• _Prompt_: All of the records below must be output exactly, with no pictures carried over.

Stored records:
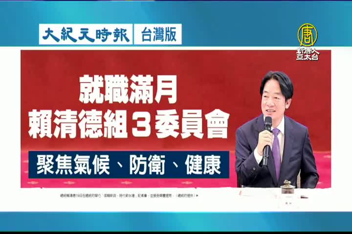 【新唐人亞太台 2024 年 06 月 20 日訊】接著看到大紀元時報台灣版報導:就職滿月,賴清德組3委員會,聚焦氣候、防衛、健康。
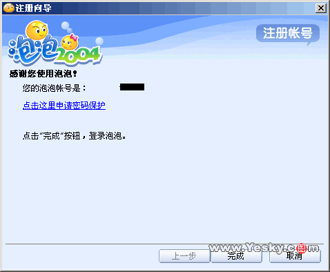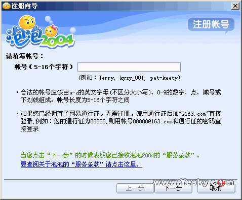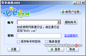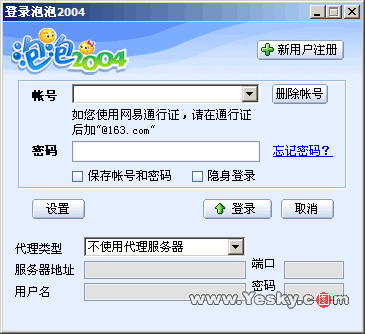 下载安装完泡泡,我们首先注册一个帐号。帐号是免费的,也没有限制,不像QQ那样长时间不用会被腾讯收回。帐号可以是数字、字母、点、减号、下划线,长度在5-16个字符之前。如果你拥有网易通行证,可以直接用你的网易邮箱帐号登录。遗憾的是,如果你安装有泡泡2003的话,不能升级安装新泡泡,2004的泡泡会在一个新目录下安装。这对老用户带来了一些不便。运行泡泡2004打开登录界面(如图1)。
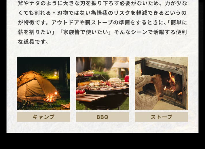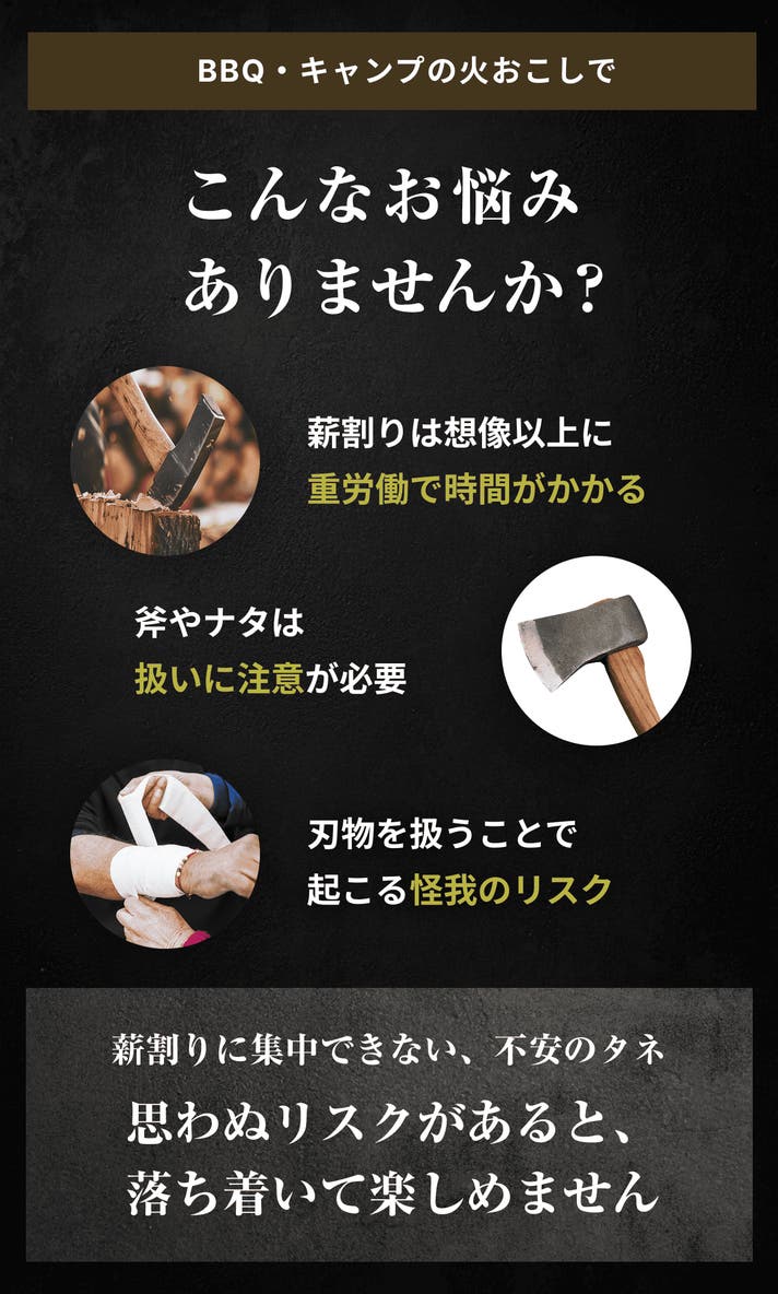 「薪割りは危険そう」「自分には無理」と感じている人にも、焚き火の楽しみを広げたい。
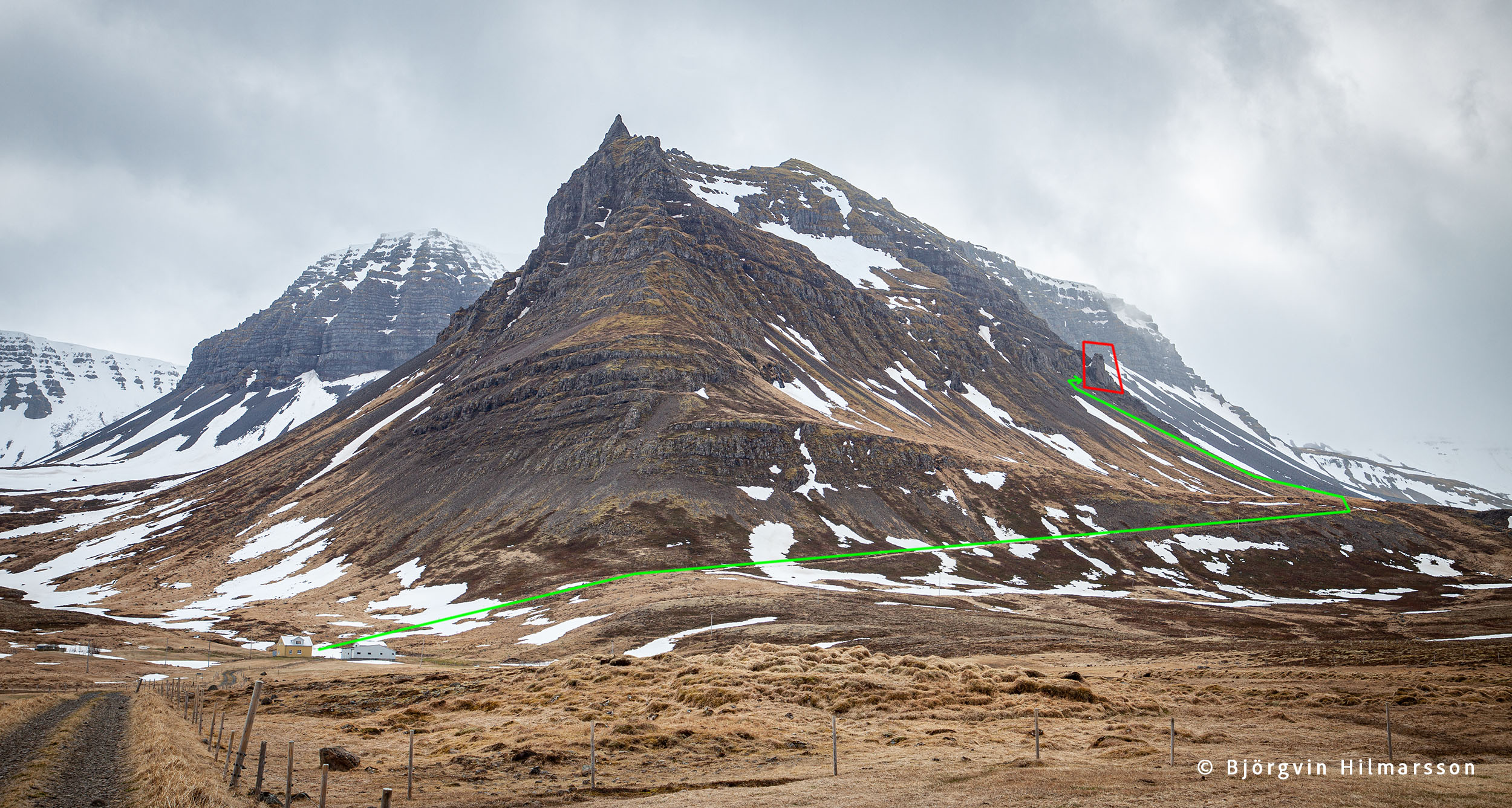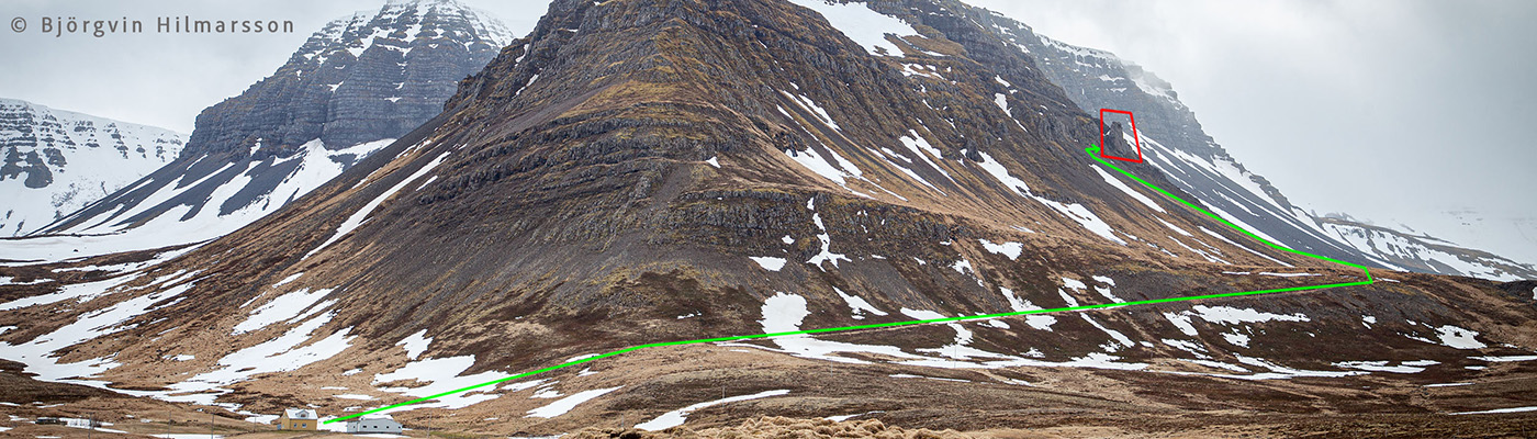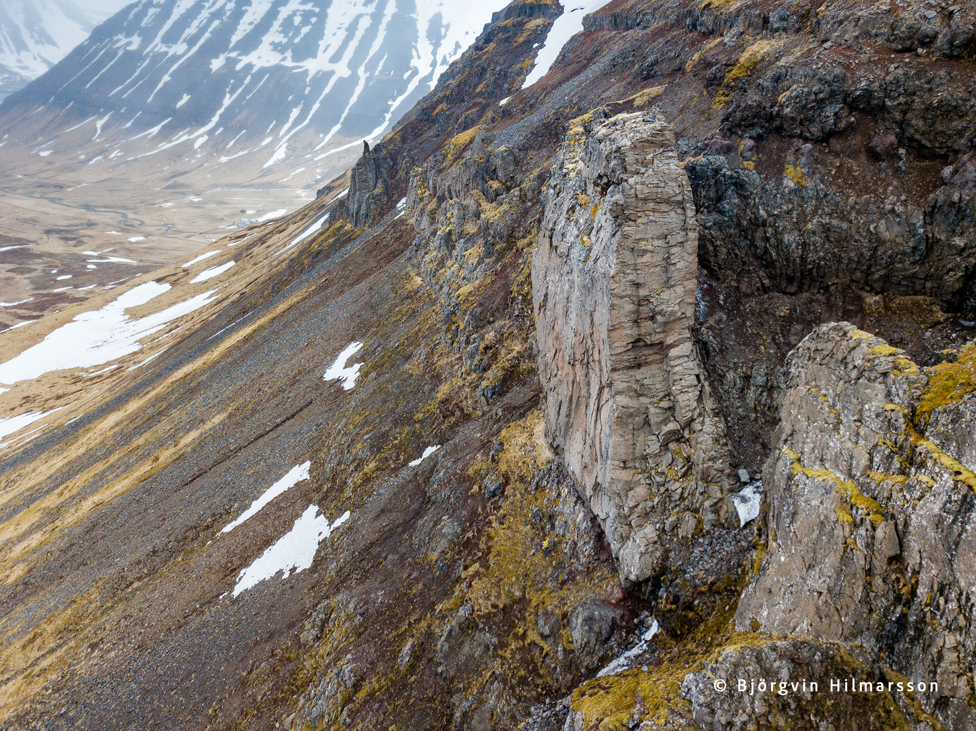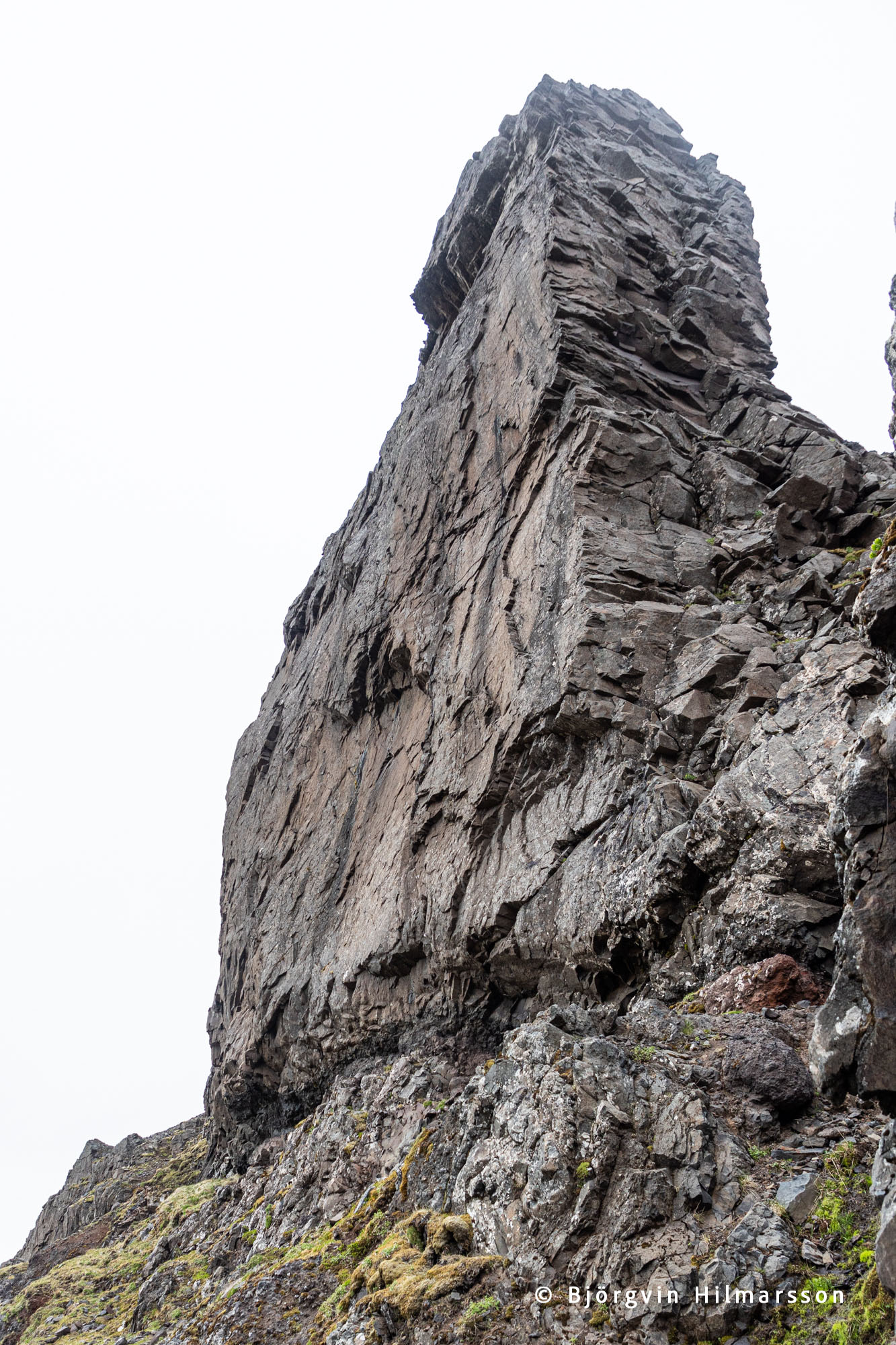 The wall is in Valþjófsdalur in Önundarfjörður in the Westfjords of Iceland, and it´s about 35 m tall free standing basalt dyke. The side of the wall where the routes are located is well protected from rock fall. As the immediate area in front of the wall is steep, it´s recommended to pre-clip the first bolt in all routes. The routes are around 20 – 25 m so 60 m rope is recommended.
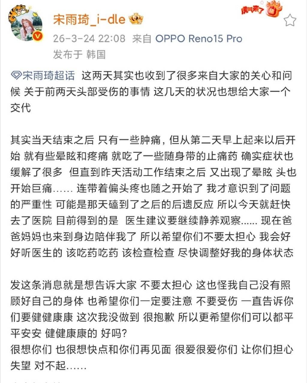 此前,宋雨琦在(G)I-DLE曼谷巡演期間頭部撞傷,次日出現持續眩暈和偏頭痛症狀,引發熱議!對此,宋雨琦發文回應稱自己已經去過醫院,醫生建議她要靜養!
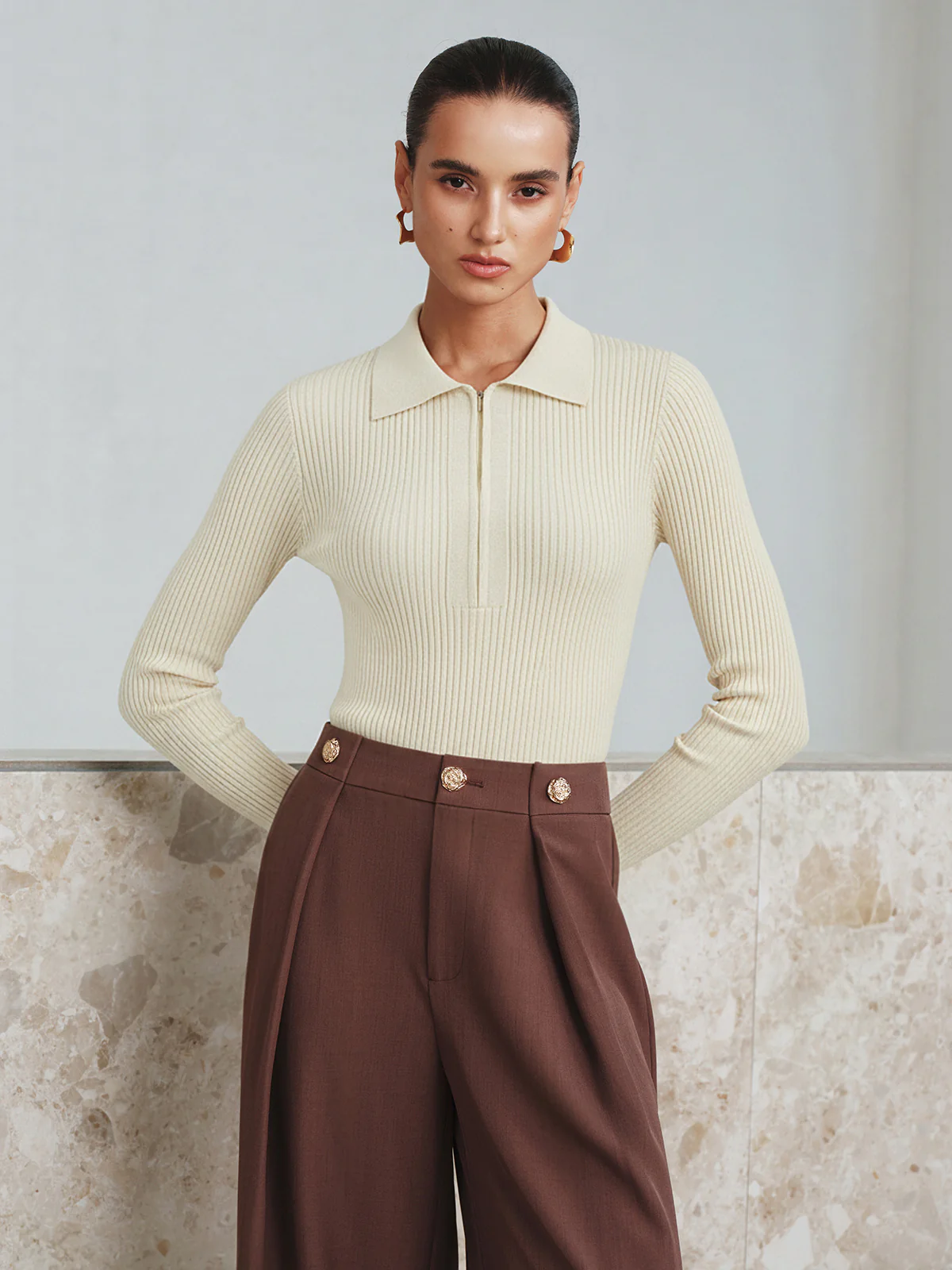 Metal Detail Asymmetric Cut-Out Wool Blend Top

• _Problem solution_:
 【新唐人亞太台 2024 年 06 月 20 日訊】接著看到大紀元時報台灣版報導:就職滿月,賴清德組3委員會,聚焦氣候、防衛、健康。
 下载安装完泡泡,我们首先注册一个帐号。帐号是免费的,也没有限制,不像QQ那样长时间不用会被腾讯收回。帐号可以是数字、字母、点、减号、下划线,长度在5-16个字符之前。如果你拥有网易通行证,可以直接用你的网易邮箱帐号登录。遗憾的是,如果你安装有泡泡2003的话,不能升级安装新泡泡,2004的泡泡会在一个新目录下安装。这对老用户带来了一些不便。运行泡泡2004打开登录界面(如图1)。
 「薪割りは危険そう」「自分には無理」と感じている人にも、焚き火の楽しみを広げたい。
 The wall is in Valþjófsdalur in Önundarfjörður in the Westfjords of Iceland, and it´s about 35 m tall free standing basalt dyke. The side of the wall where the routes are located is well protected from rock fall. As the immediate area in front of the wall is steep, it´s recommended to pre-clip the first bolt in all routes. The routes are around 20 – 25 m so 60 m rope is recommended.
 此前,宋雨琦在(G)I-DLE曼谷巡演期間頭部撞傷,次日出現持續眩暈和偏頭痛症狀,引發熱議!對此,宋雨琦發文回應稱自己已經去過醫院,醫生建議她要靜養!
 Metal Detail Asymmetric Cut-Out Wool Blend Top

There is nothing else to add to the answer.